Ce 12 novembre, dernière douce soirée d’automne, dernière soirée avant que Paris ne bascule dans autre chose, les 3e B vont voir un spectacle au Cent-Quatre, lieu culturel parisien plutôt branché situé à quelques centaines de mètres de leur collège. Durant toute l’année de troisième, les élèves étudient des œuvres pour l’épreuve d’histoire des arts du brevet. Le programme est libre et les enseignants en profitent pour organiser des sorties autour de ces œuvres, des rencontres avec les artistes. Récemment, les troisièmes sont ainsi allés à Versailles voir les sculptures géantes d’Anish Kapoor. Là, Antoine Labaere, leur professeur principal, a choisi le spectacle d’un chorégraphe qu’il aime particulièrement, Aurélien Bory. Un spectacle pas facile, abstrait et lent, surtout pour des élèves de 15 ans. On verra bien
, sourit-il.
Pour se rendre au Cent-Quatre, il suffit d’enjamber le pont de la rue Riquet, qui permet de traverser les voies ferroviaires partant de la gare de l’Est. Mais Jean-Louis Terrana, le principal, est tendu. Depuis plusieurs semaines, ces voies ferrées, ligne de démarcation entre les XVIIIe et XIXe arrondissements de Paris, sont le théâtre de bagarres de plus en plus violentes entre bandes d’adolescents.
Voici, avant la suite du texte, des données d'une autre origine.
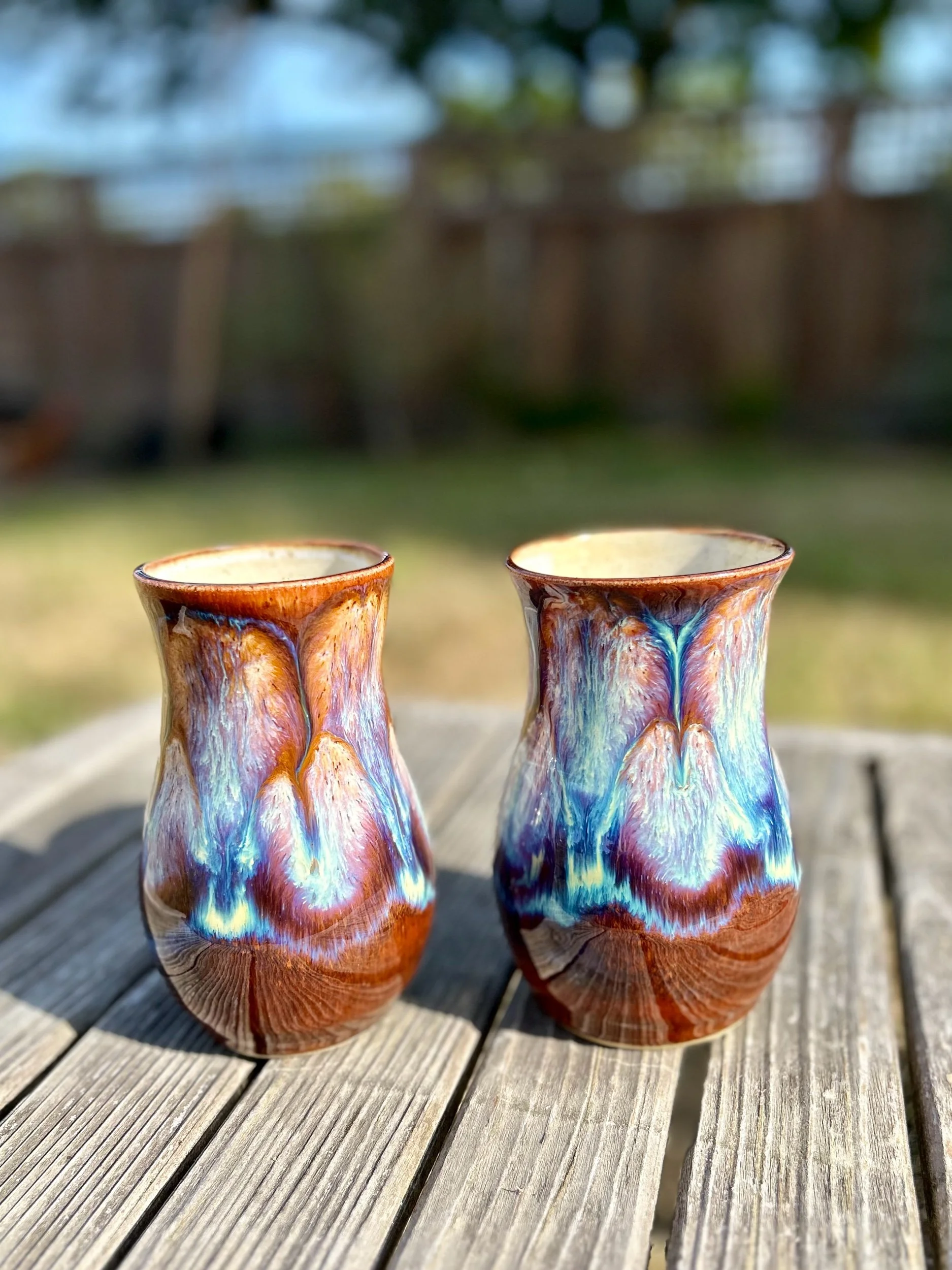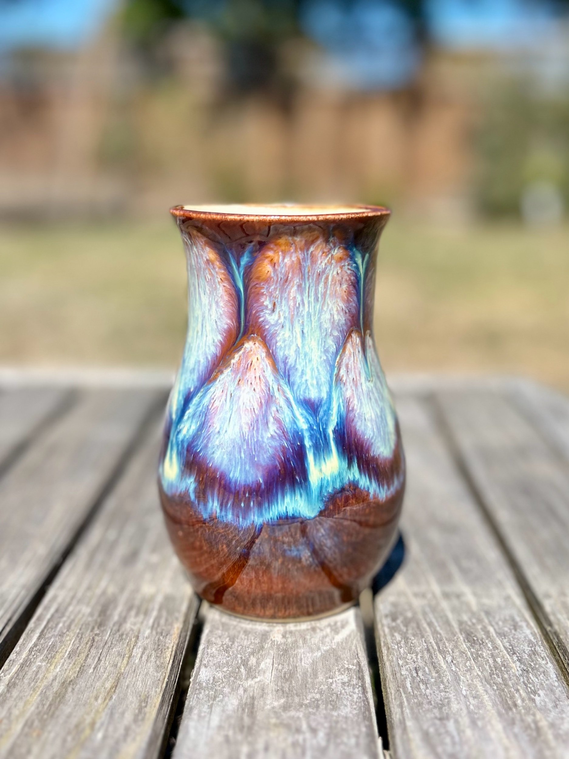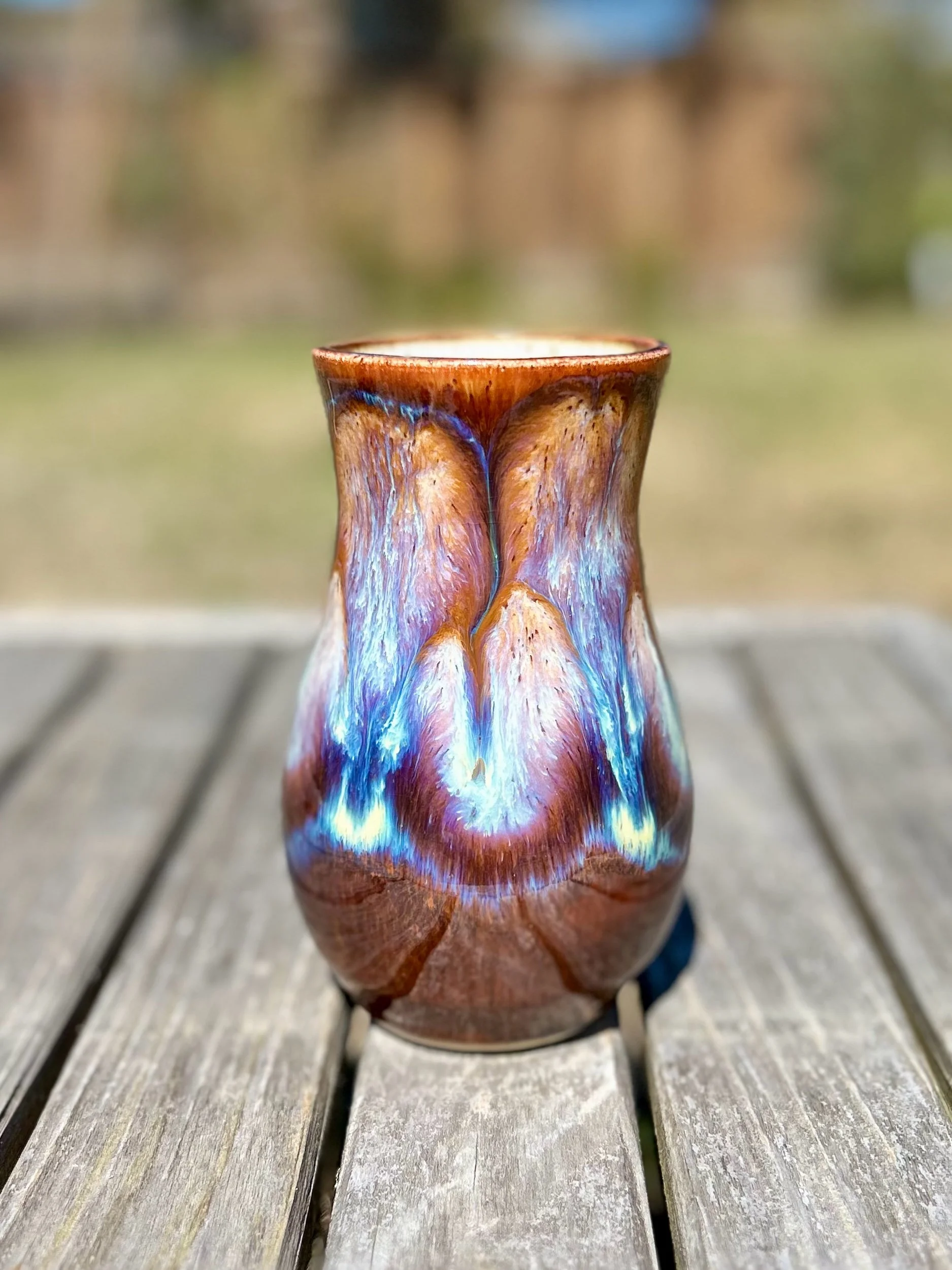 Perfect for autumn, with blues, brown and a hint of purple. Treat yourself to some blooms or pop in your dried lavender. Vase measures 6” tall.

Jean-Louis Terrana a rappelé deux jours plus tôt le bilan aux parents de la 3e B, pour qu’ils comprennent la nécessité de ne pas laisser leurs enfants rentrer seuls après le spectacle et plus largement pour qu’ils ne les laissent pas traîner dans le quartier : un jeune dans le coma, un autre défiguré par des coups, un dernier au poumon perforé.
L’un des élèves de la 3e B a été personnellement menacé. Quelques jours avant la sortie au Cent-Quatre, ses parents sont venus voir Antoine Labaere pour demander à changer leur fils de collège. Mais l’élève concerné est là ce soir. Le principal le garde à l’œil.
Dans cette ambiance, ce qui devait être une tranquille escapade culturelle de l’autre côté du pont prend l’allure d’un convoi de diligence. Une voiture de police escorte la classe le long du trajet et des agents de médiation de la ville encadrent les élèves. Le commissariat a prévenu que c’était ça ou pas de sortie du tout. Le principal est préoccupé. Il ne comprend pas ce que se veulent ces gamins
, pourquoi cette violence, pourquoi des élèves si jeunes. Depuis des semaines, il ressasse ces interrogations sans trouver de réponses.
Contemplatif, ça veut dire qu’il va y avoir des longueurs. Donc je ne veux pas vous entendre. Compris ?
Policiers et médiateurs laissent le groupe à l’entrée du Cent-Quatre. Et tout le monde passe à autre chose.